# What to work on:
Please give back, exactly as written, the lines from the line with "纯白陶瓷巧克力火锅套装冰淇淋哈根达斯火锅炉 DIY芝士火锅配底盘" to the line with "Easy to read" in the listing below, leaving out all pictures.

# Dataset records:
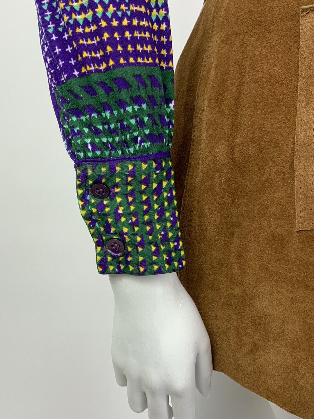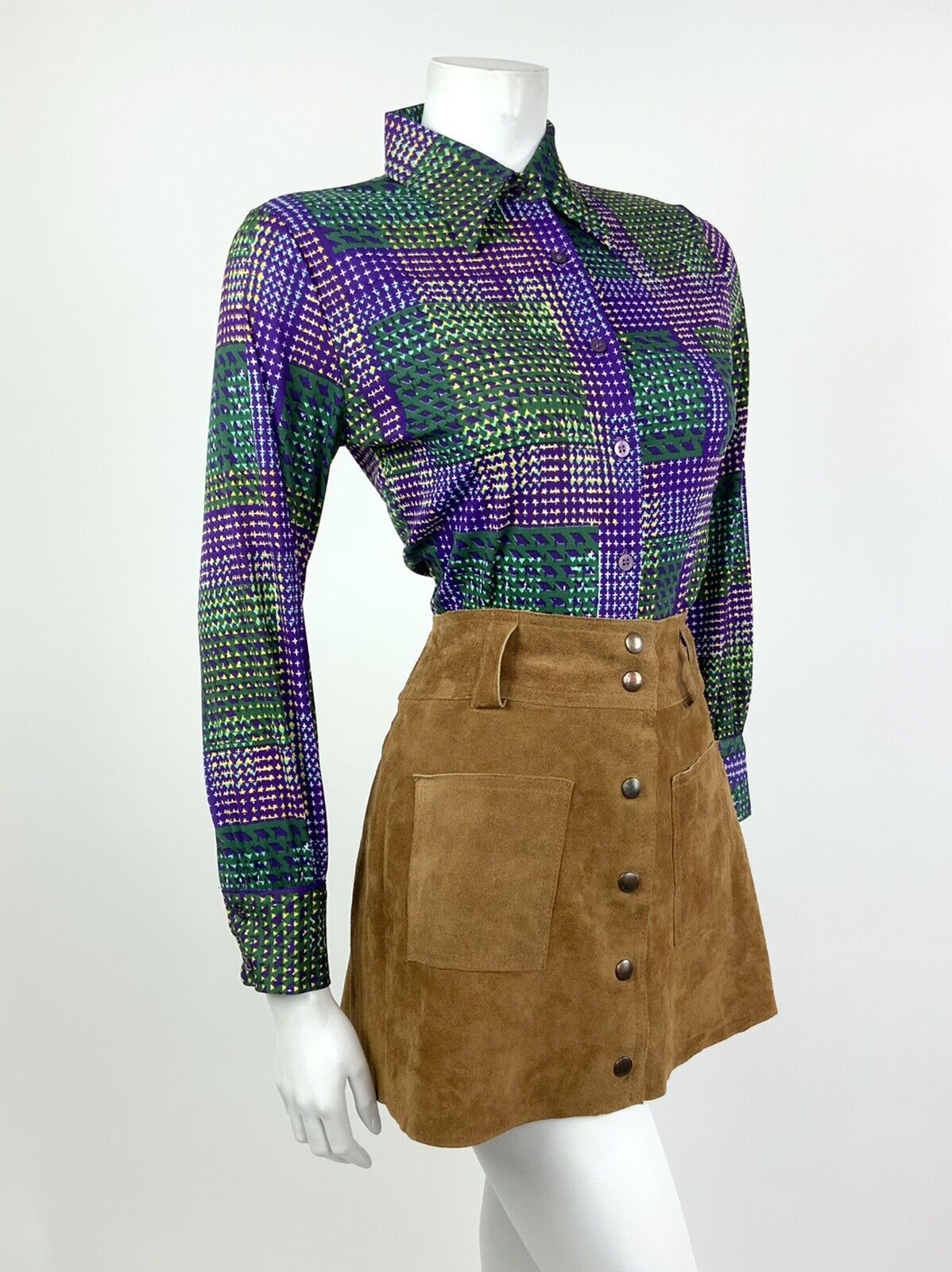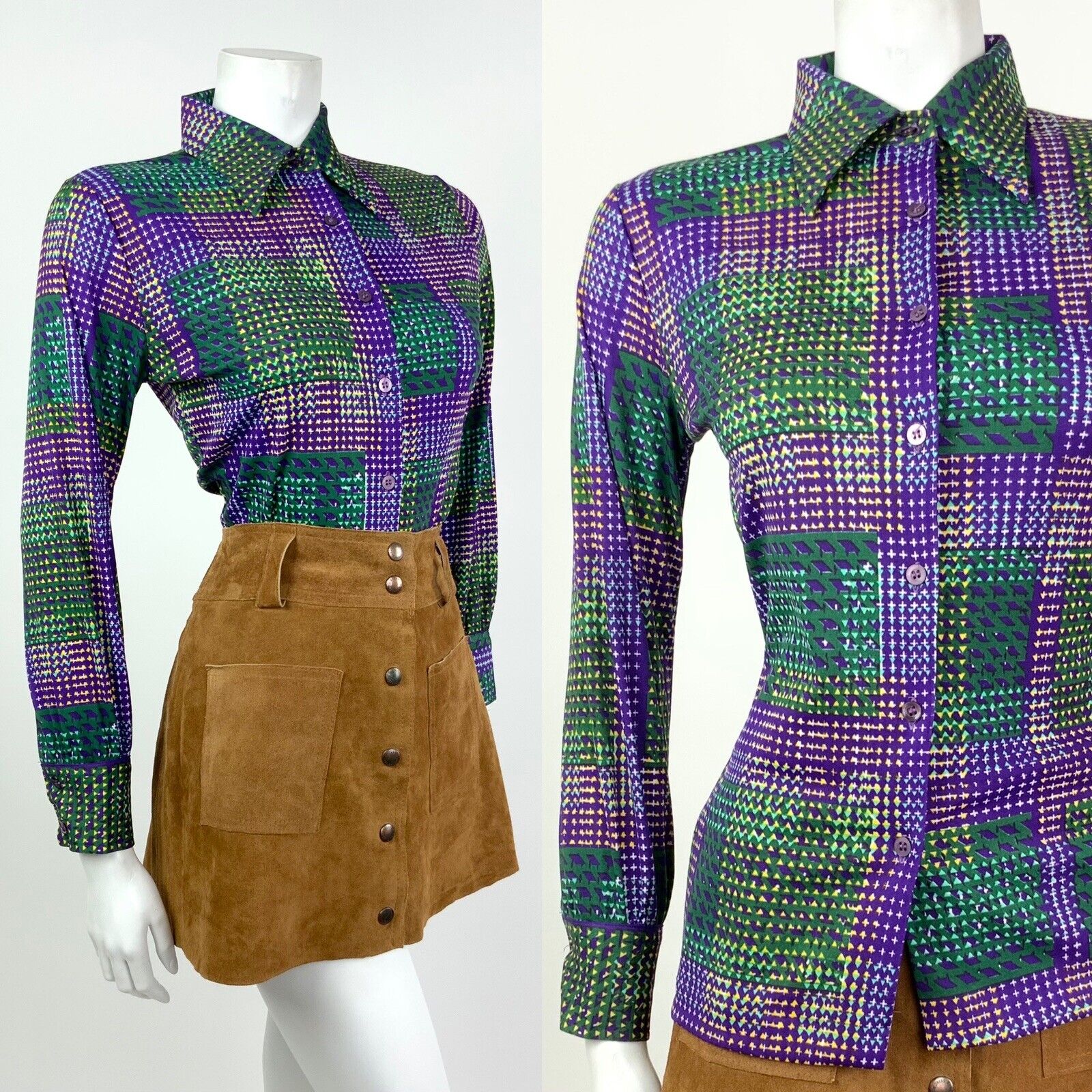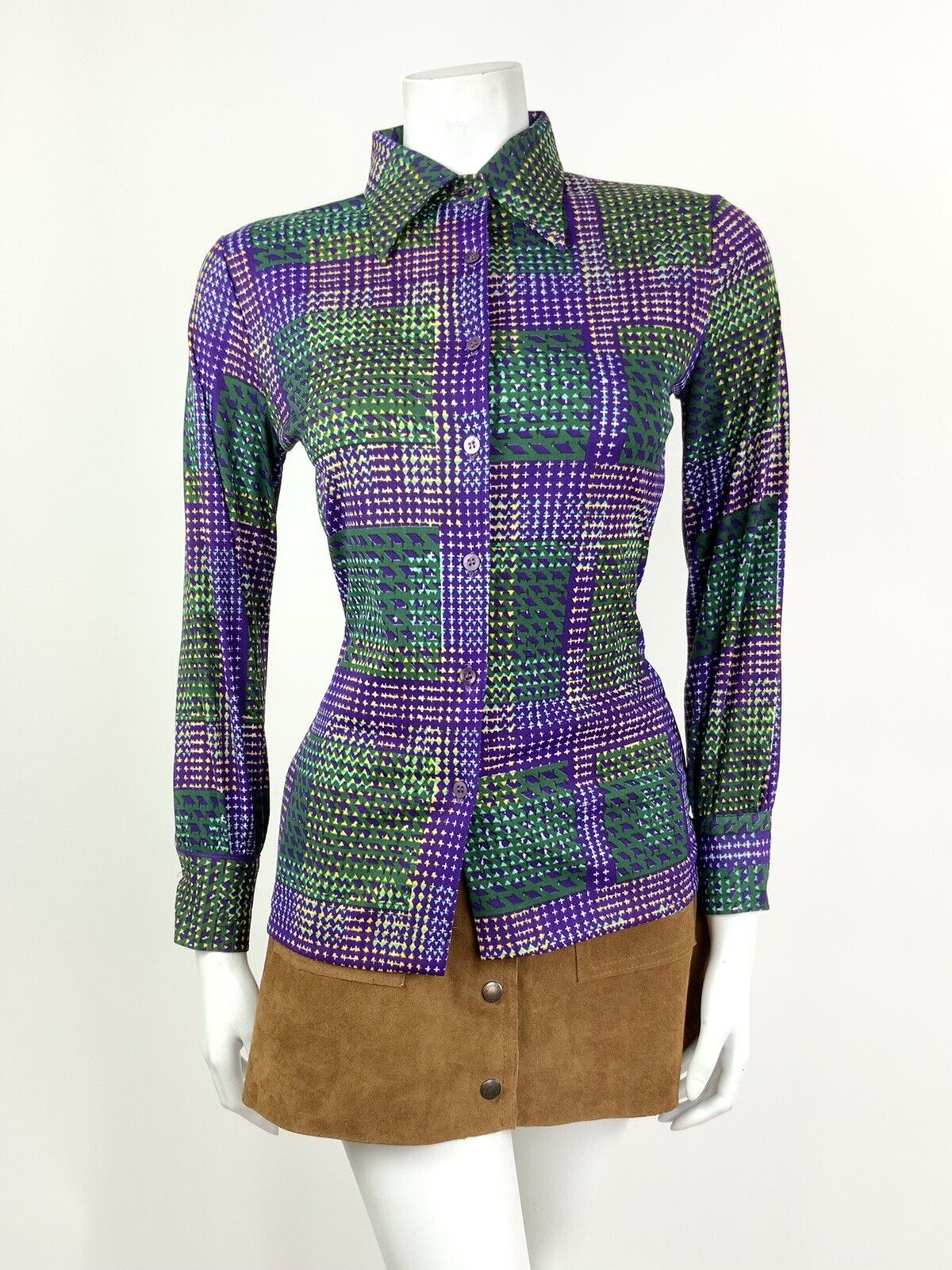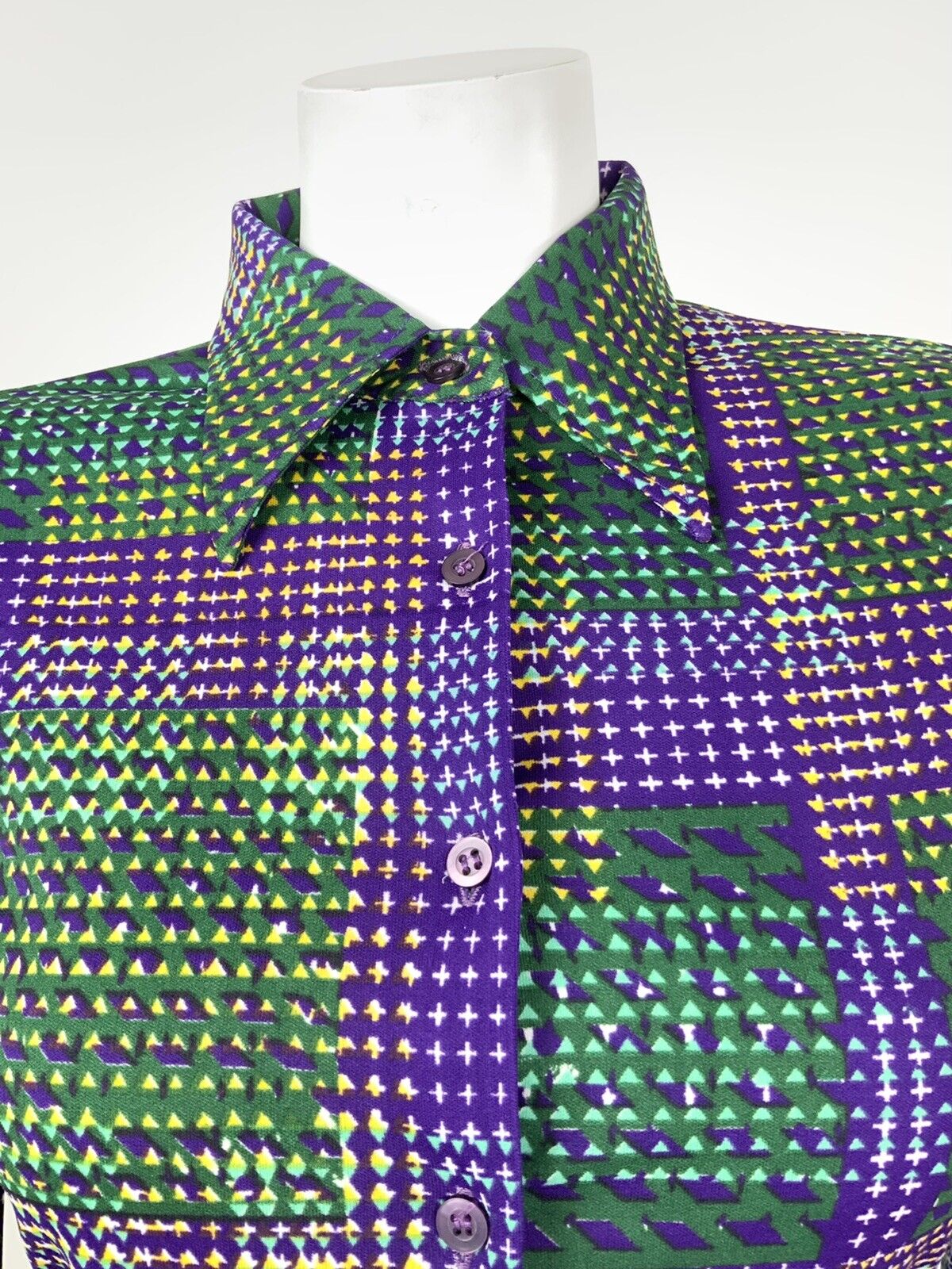 VINTAGE 60s 70s PURPLE GREEN YELLOW WHITE CHECKERED PLAID DAGGER SHIRT 8 10
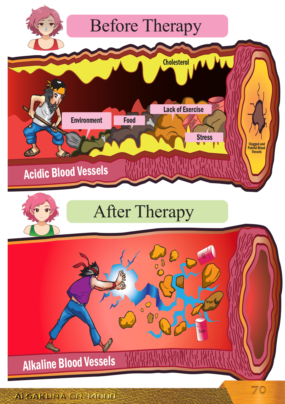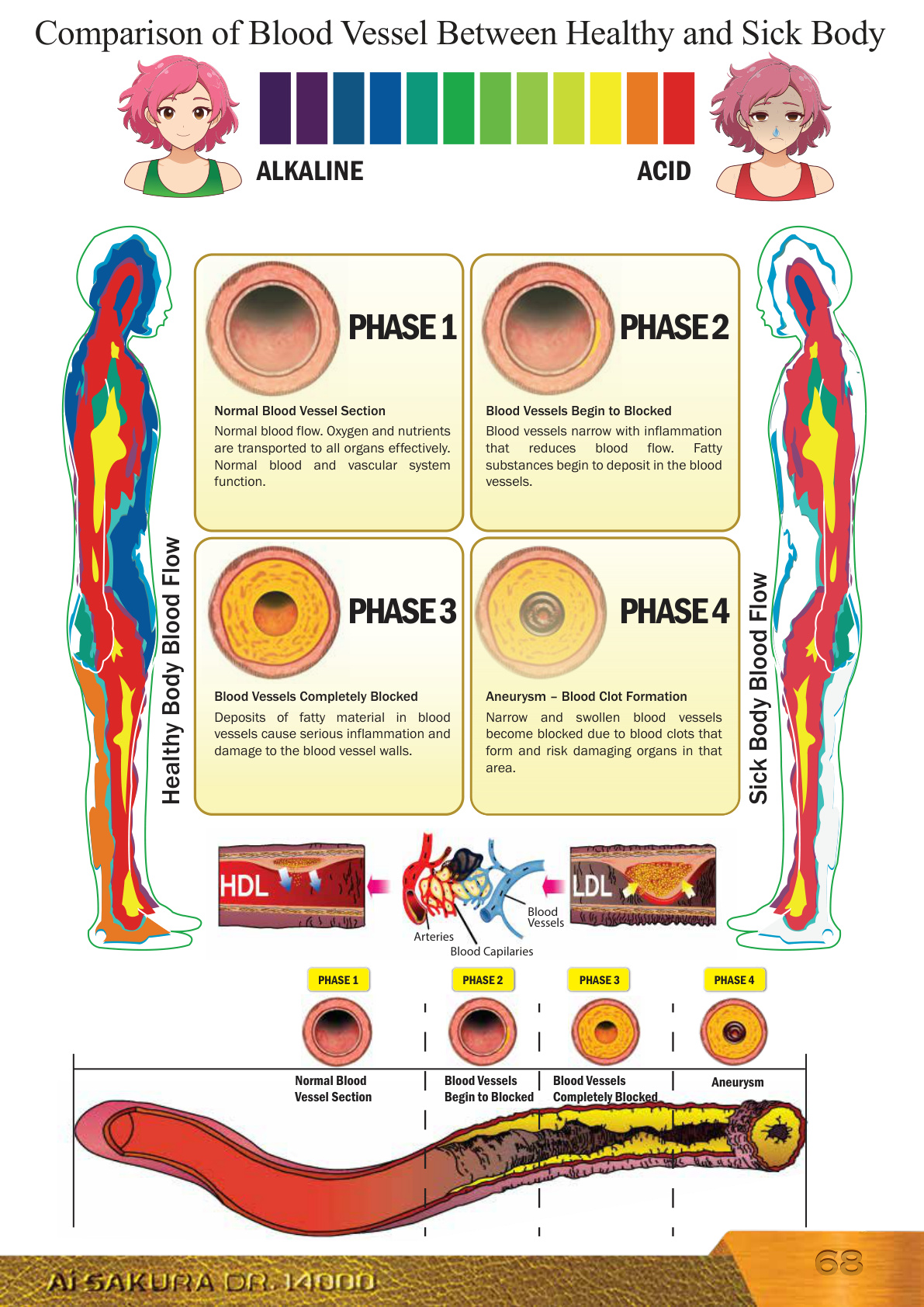 Arteries Blood CapilariesBlood Vessels Comparison of Blood Vessel Between Healthy and Sick Body Normal Blood Vessel SectionBlood Vessels Begin to BlockedBlood Vessels Completely BlockedAneurysmHealthy Body Blood Flow Sick Body Blood FlowALKALINE ACID PHASE 1 PHASE 2 PHASE 3 PHASE 4 Normal blood flow. Oxygen and nutrients are transported to all organs effectively. Normal blood and vascular system function.Normal Blood Vessel Section Blood vessels narrow with inflammation that reduces blood flow. Fatty substances begin to deposit in the blood vessels.Blood Vessels Begin to Blocked Deposits of fatty material in blood vessels cause serious inflammation and damage to the blood vessel walls.Blood Vessels Completely Blocked Narrow and swollen blood vessels become blocked due to blood clots that form and risk damaging organs in that area.Aneurysm – Blood Clot FormationPHASE 1 PHASE 3PHASE 2 PHASE 4 6868
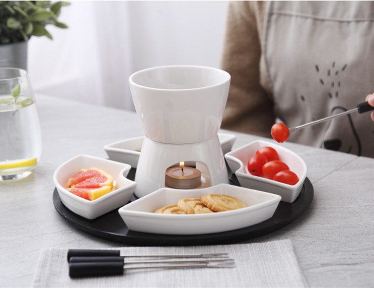 纯白陶瓷巧克力火锅套装冰淇淋哈根达斯火锅炉 DIY芝士火锅配底盘
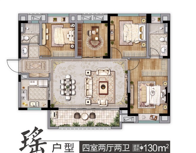 案例名稱 新城 璽樾臺(tái)|現(xiàn)代輕奢 戶型 三居室 案例面積 135㎡
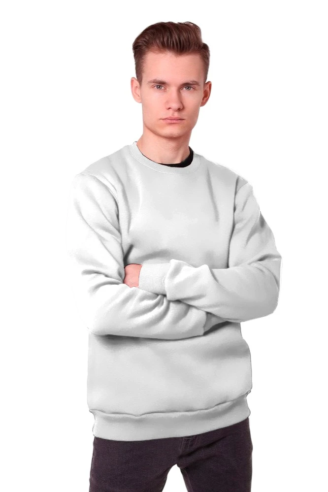 Модель. Прямой силуэт. Толстовка без молнии. Длинные рукава. Низ толстовки и рукавов, а также горловина обработаны тканью кашкорсе (специальная тканная резинка) в цвет толстовки. Толстовка без капюшона и карманов.
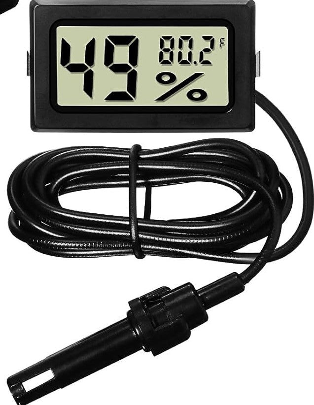 Easy to read temperature in F and humidity sensor in % that can mount onto the front mesh screen.
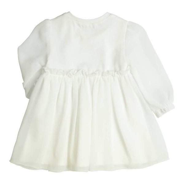 Deze jurk straalt eenvoud en elegantie uit met haar verfijnde ontwerp en subtiele details. De elastische tailleband met een sierlijk lint accentueert de pasvorm en geeft een extra speels accent. Dankzij de lange mouwen en zachte stof is deze jurk niet alleen stijlvol, maar ook comfortabel. Perfect voor speciale gelegenheden zoals verjaardagen, communies of familiediners. Een tijdloze keuze voor de garderobe van elke kleine fashionista. Gemaakt van soepelvallende crêpe georgette.
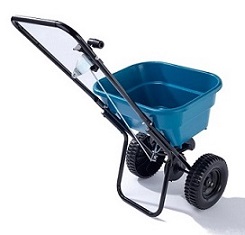 Spargiconcime - Codice Cresco CR.10SW. Con paralizzatore laterale. Facili regolazioni per una perfetta distribuzione. Dispone di 20 diverse impostazioni di distribuzione del fertilizzante e controllo laterale. Lo stampo della tramoggia impedisce che vi rimangano residui di concime. Testato per 1000 ore di uso continuato. Consigliato per superfici inferiori ai 1000 metri quadri. Ruote in plastica.
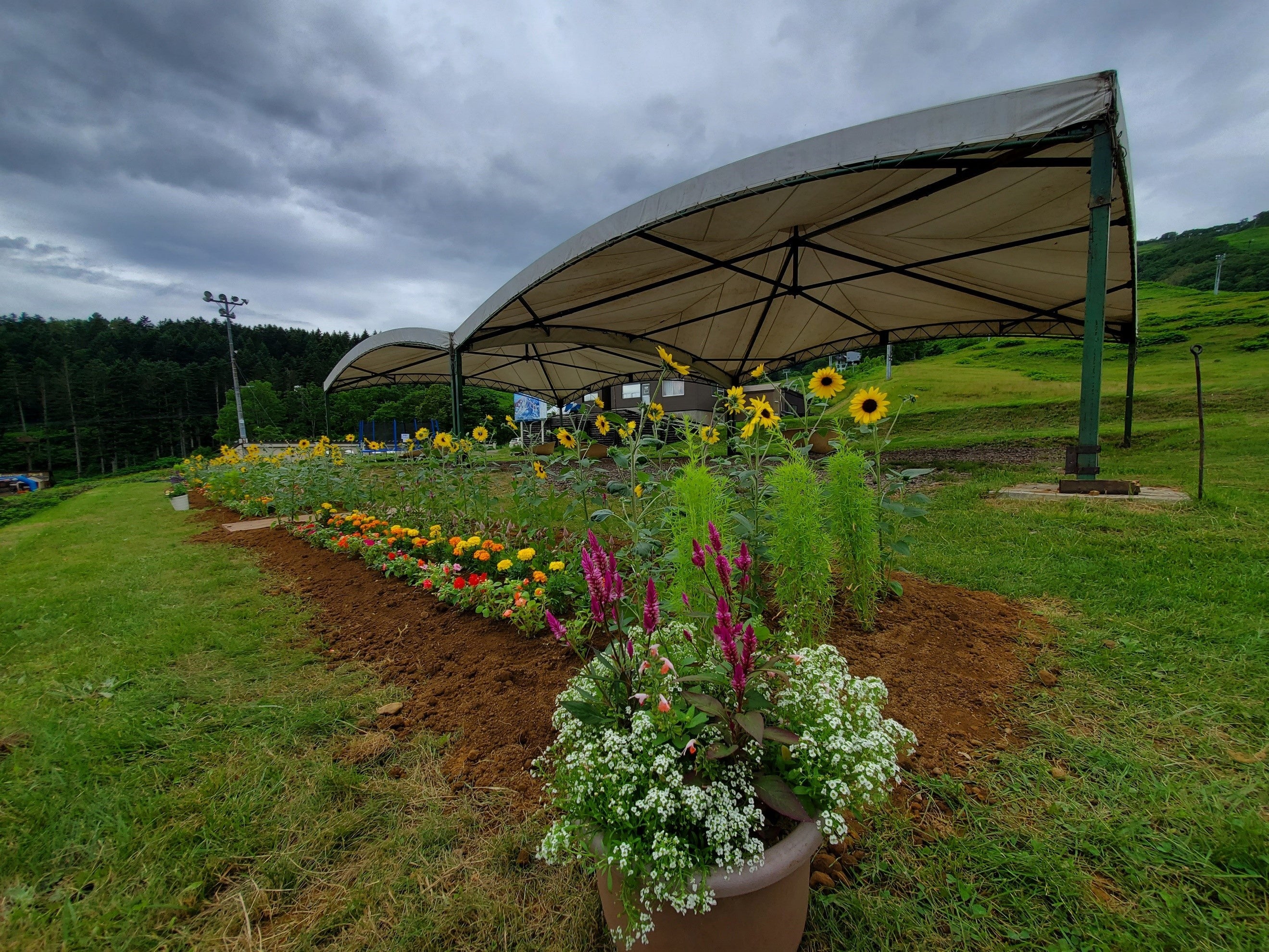 「お花畑」と「お花のフォトスポット」の取り組みは、(一社)倶知安観光協会主催のスカイバスニセコ(運 行期間:2022 年 7 月 15 日(金)〜8 月 28 日(日) )の運行に合わせて企画いたしました。停車スポットのひらふウェルカムセンターはホテルニセコアルペンから徒歩 3 分に位置しています。ホテルニセコアルペンでは、スカイバスニセコの乗車特典としてホテル内の天然温泉、プールの割引などをご用意していたことから、お立ち寄りいただくお客様に楽しんでいただけるよう北海道倶知安農業高等学校と協働でお花畑をご用意します。「観光客、地域の皆さんが気兼ねなくくつろげる場所」を作る主旨に共感してくださった北海道倶知安農業高等学校の協力で、生徒が大切に育てた苗木を提供いただき、100 本のひまわりをはじめ、パンジーなどホテルスタッフと一緒に花壇を設置しました。隣接する大型テント、トランポリンは皆様にご自由にご利用いただけます。リラックスチェアに座りながら、小川のせせらぎ、鳥やセミの声、風に揺れるひまわりなど自然の中に身を投じてお楽しみください。高校生が考案した「お花のフォトスポット」も魅力の一つです。

# Result of the task:
 纯白陶瓷巧克力火锅套装冰淇淋哈根达斯火锅炉 DIY芝士火锅配底盘
 案例名稱 新城 璽樾臺(tái)|現(xiàn)代輕奢 戶型 三居室 案例面積 135㎡
 Модель. Прямой силуэт. Толстовка без молнии. Длинные рукава. Низ толстовки и рукавов, а также горловина обработаны тканью кашкорсе (специальная тканная резинка) в цвет толстовки. Толстовка без капюшона и карманов.
 Easy to read temperature in F and humidity sensor in % that can mount onto the front mesh screen.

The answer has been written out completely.